We first read the ridership data file into the R file as a data frame(taxi_data) for manipulating the attributes. We rename the columns in the dataset for easier management of data

taxi_data <- taxi_data %>%
  rename(timestamp = `Trip Start Timestamp`,
         sec = `Trip Seconds`,
         miles = `Trip Miles`,
         pickup = `Pickup Community Area`,
         dropoff = `Dropoff Community Area`,
         company = `Company`)

We then check for NULL values in the dataset columns.

lapply(taxi_data,
       function(x) { 
         length(which(is.na(x)))
         }
       )

We can observe that NULL values appear in the columns of Pickup and Dropoff Community Area. As per our understanding, the NULL values here refer to community areas outside of Chicago. We will impute 0 (zero) in place of NULL.
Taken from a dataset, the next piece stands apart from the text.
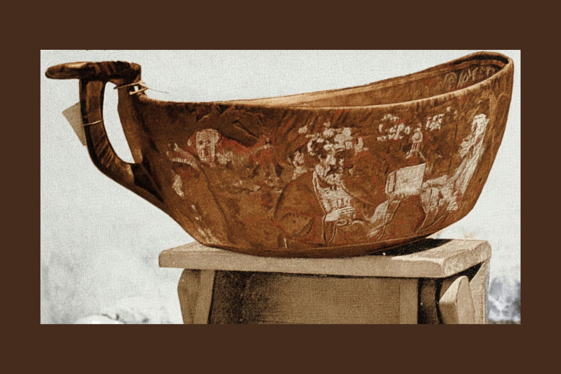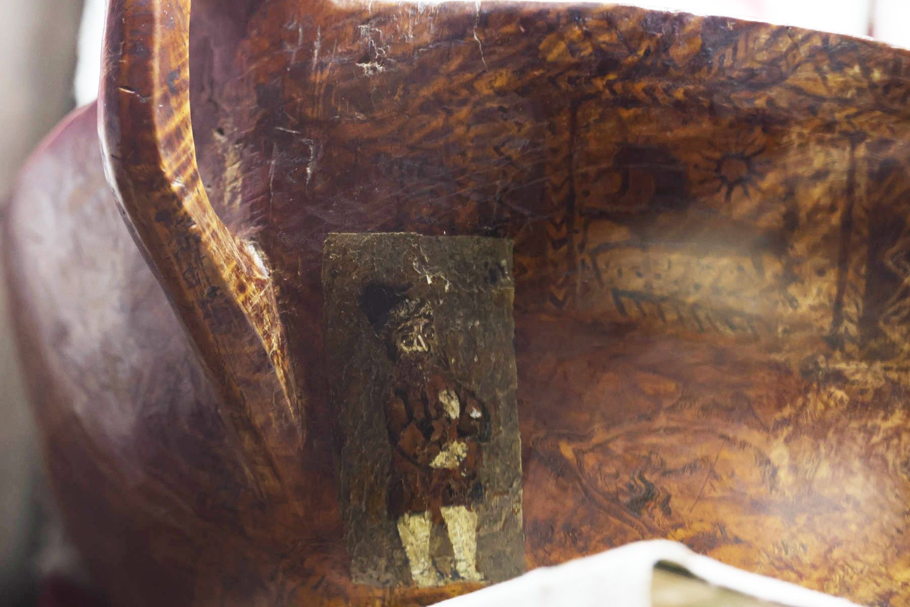 По его словам, этот ковш от любых аналогов отличается и по форме, и по художественному исполнению. Примеров соответствующей росписи по стилю и сюжетам до сих пор не найдено.

taxi_data$pickup[is.na(taxi_data$pickup)] <- 0
taxi_data$dropoff[is.na(taxi_data$dropoff)] <- 0 

As per our project requirements, we can cut down on some of the data points by filtering the data based on the given conditions. We can remove all taxi trips less than 0.5 miles and more than 100 miles

taxi_data <- filter(taxi_data, miles > 0.5 & miles < 100)

Similarly, we can remove all taxi trips less than 60 seconds and more than 5 hours

taxi_data <- filter(taxi_data, miles > 0.5 & miles < 100)

From the company column, we can clean up the string data in order to make the names more presentable Remove all non-alphabetical characters from the data

taxi_data$company <- str_replace_all(taxi_data$company, "[^[:alpha:]]", " ")

Remove leading and trailing spaces in each new word

taxi_data$company <- trimws(taxi_data$company, which = c("both"))

We’ll have to manually change some of the company names to ensure no data is lost

taxi_data <- taxi_data %>%
  mutate(company = recode(company, `Medallion Management Corp` = '312 Medallion Management Corp', 
                          `Star Taxi` = 'Five Star Taxi', 
                          `Seven Taxi` =  'Twentyfour Seven Taxi', 
                          `Star Taxi` = 'STAR Taxi',
                          `Sun Taxi` = 'SUN Taxi',
                          `Checker Taxi Affiliation` = 'CHECKER Taxi Affiliation',
                          `Chicago Taxicab` = 'CHICAGO Taxicab'
                          ))

We’ll create a unique code for each individual taxi company. The idea being that numbers use less memory resource and process faster.

taxi_data$company_code <- as.integer(factor(taxi_data$company))

We’ll create a new dataframe that holds just the company name and the corresponding company code and output the dataframe to a .csv file

companies <- distinct(taxi_data, company_code, .keep_all = TRUE)
companies <- companies[, c("company", "company_code")]
write.csv(companies,"C:/Users/aranga22/Downloads/Academics/Sem 2/424 Visual Data/Projects/424_Project3/ext\\companies.csv", row.names = FALSE)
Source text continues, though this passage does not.